## Assignment
Everything from the line containing "Cardigan en grosse" to the last line of the listing below should be restated exactly, both ends included, with nothing added and the pictures omitted.

## Recorded data
• • •

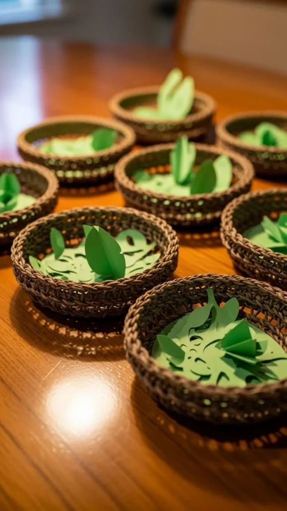 Use small baskets filled with paper clovers or greenery. Baskets add warmth and texture to the table. This décor is reusable for other seasons by changing the contents. Space baskets evenly for a balanced look.
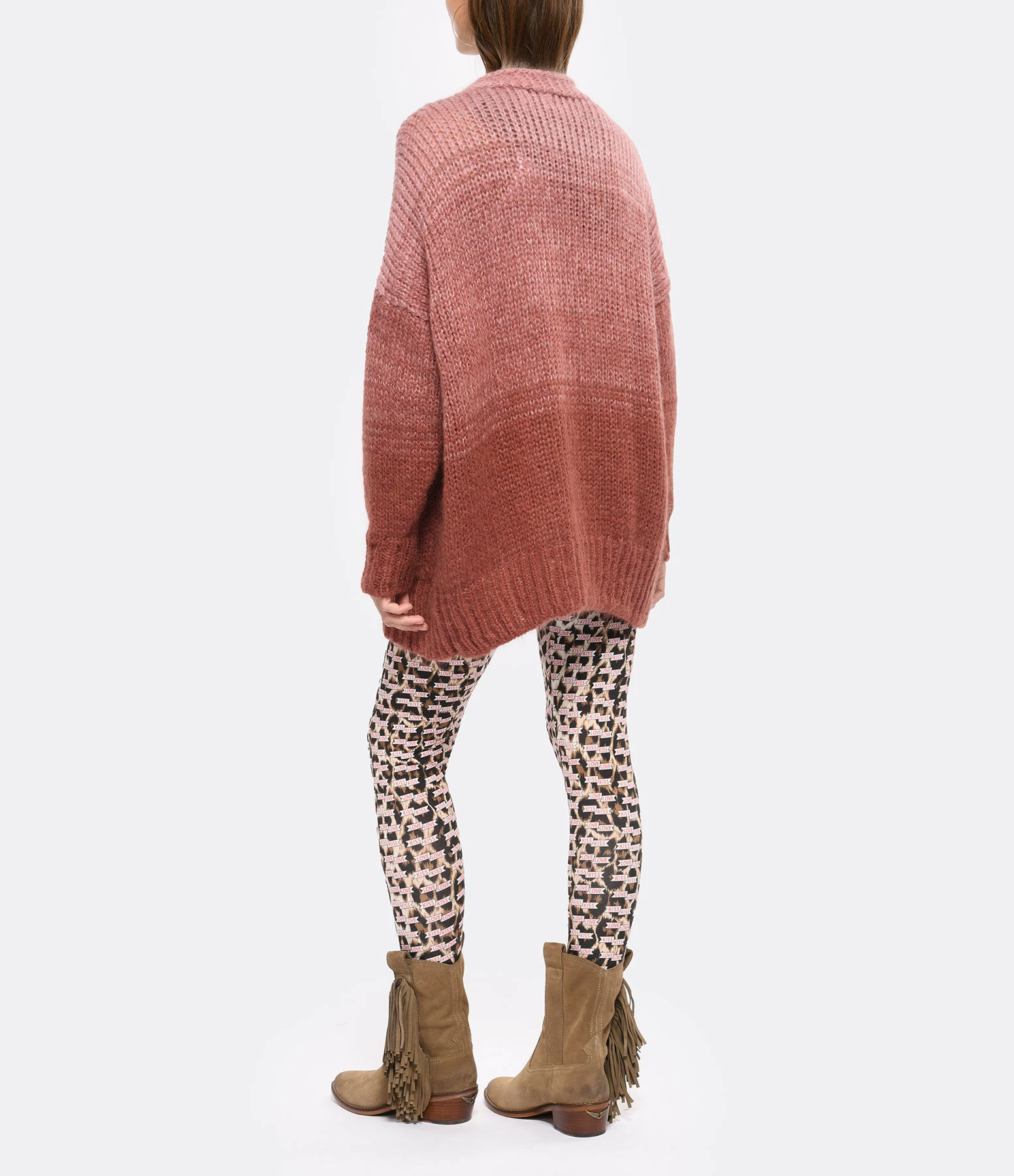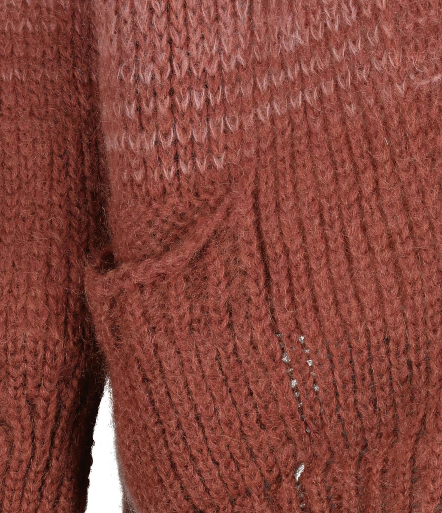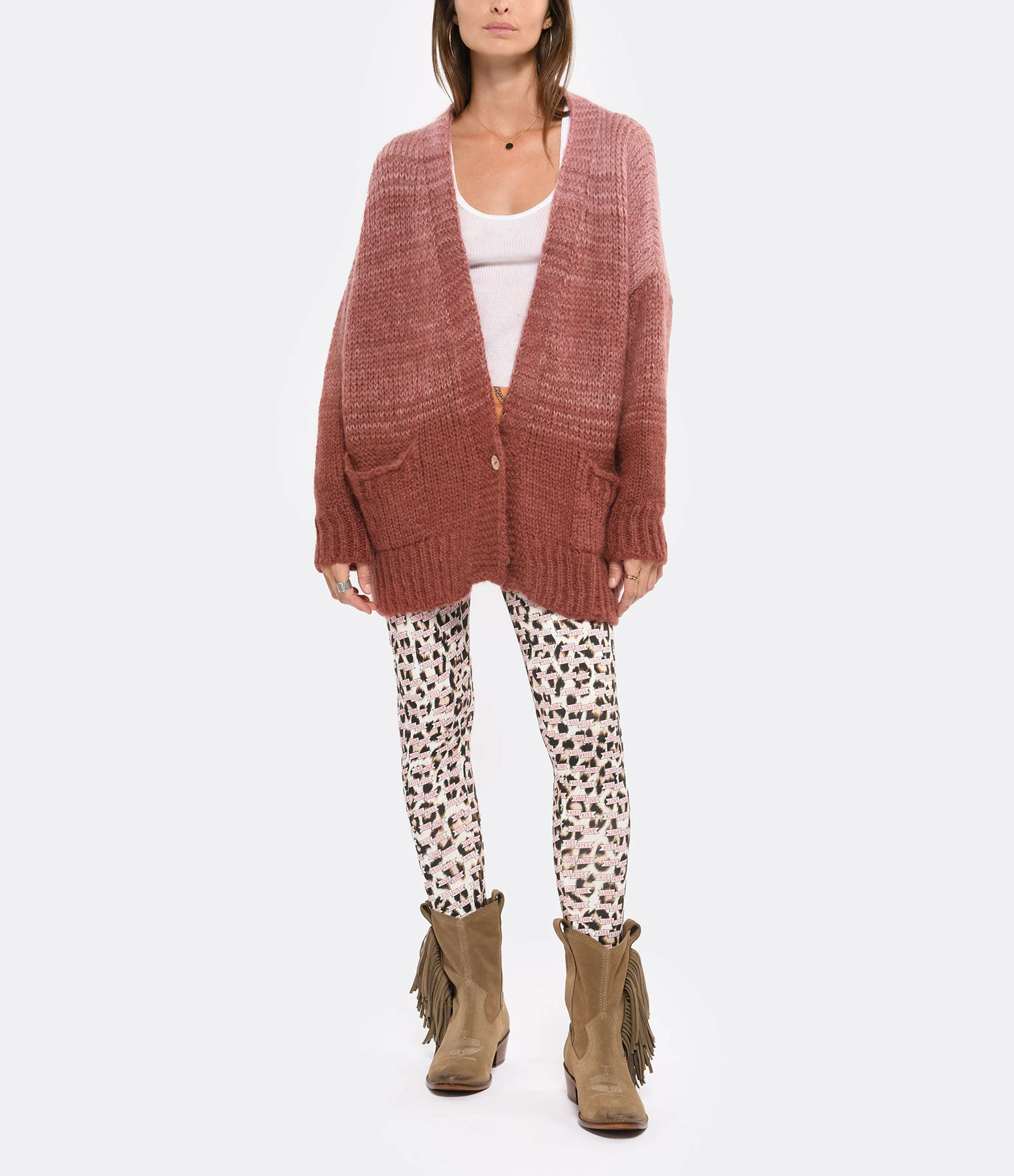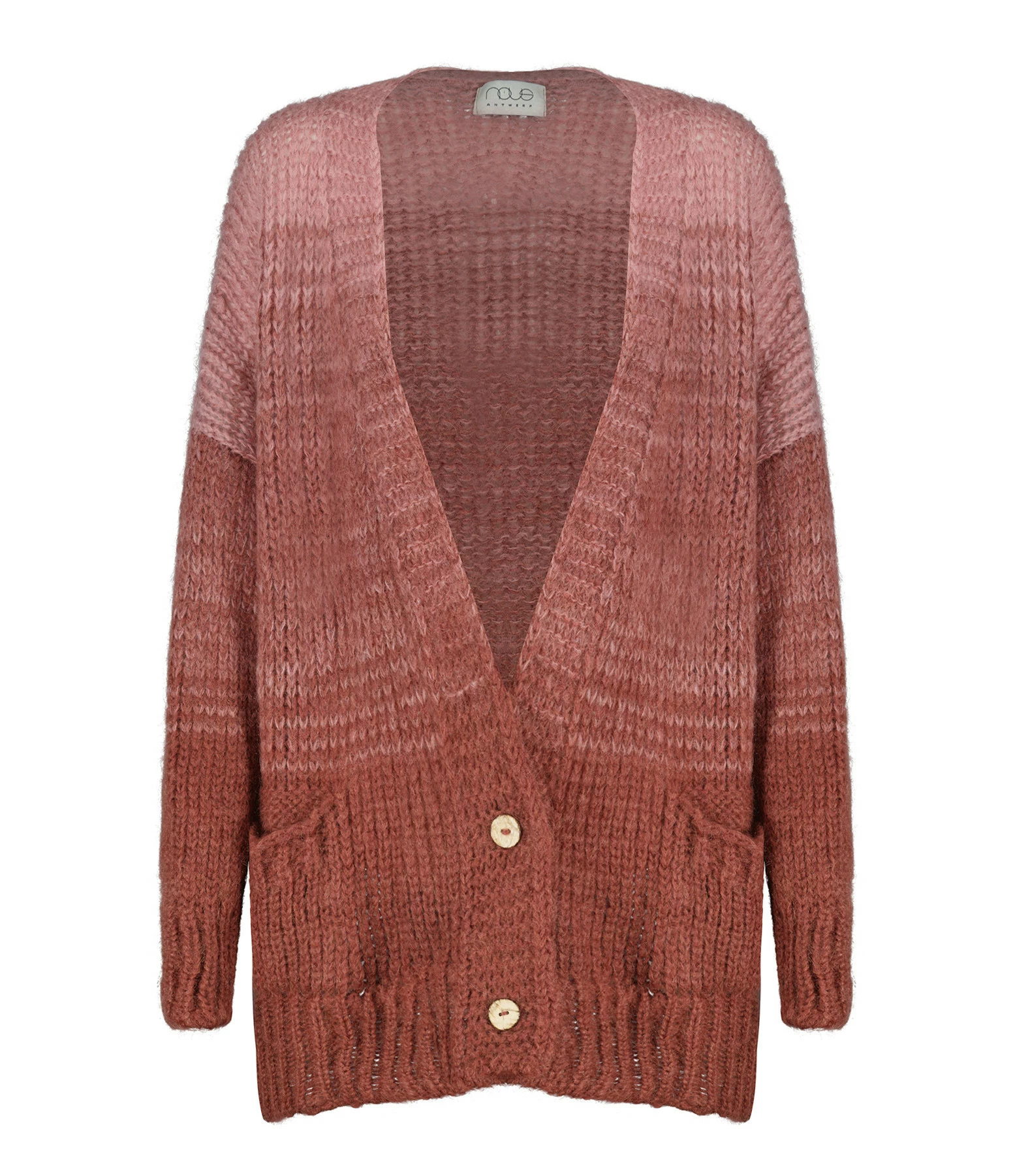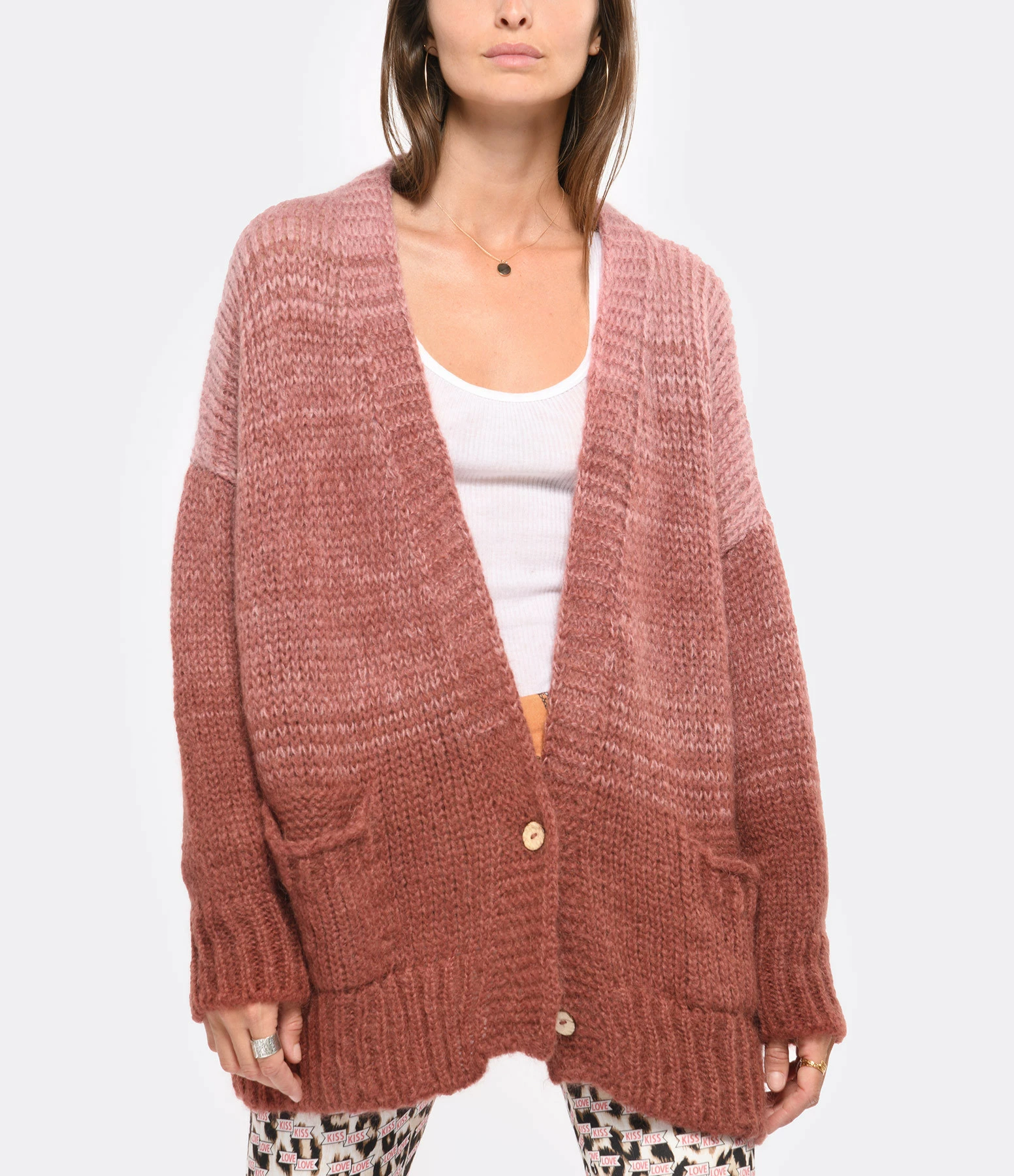 Cardigan en grosse maille rouge dégradée. Manches longues resserrées aux poignets. Deux poches plaquées. Fermeture par boutons. Coupe oversize. Base droite. Non doublé.
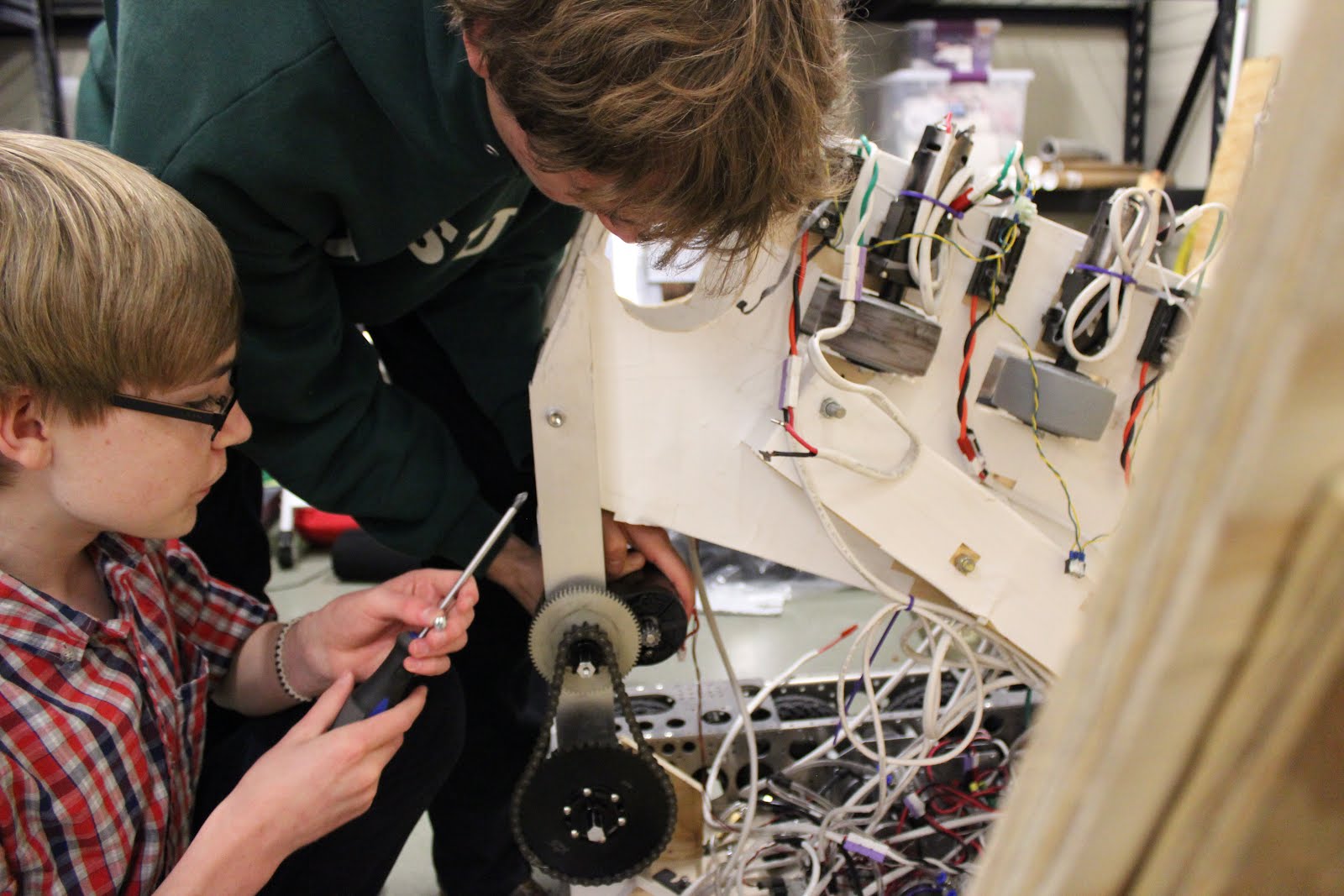 We continued working on prototypes, including retro fitting one of our off-season robots to be a climbing test bed. We had it do a test climb but we had attached the rope to it. Now to learn how to grab the rope.

• • •

## Result of this task
 Cardigan en grosse maille rouge dégradée. Manches longues resserrées aux poignets. Deux poches plaquées. Fermeture par boutons. Coupe oversize. Base droite. Non doublé.
 We continued working on prototypes, including retro fitting one of our off-season robots to be a climbing test bed. We had it do a test climb but we had attached the rope to it. Now to learn how to grab the rope.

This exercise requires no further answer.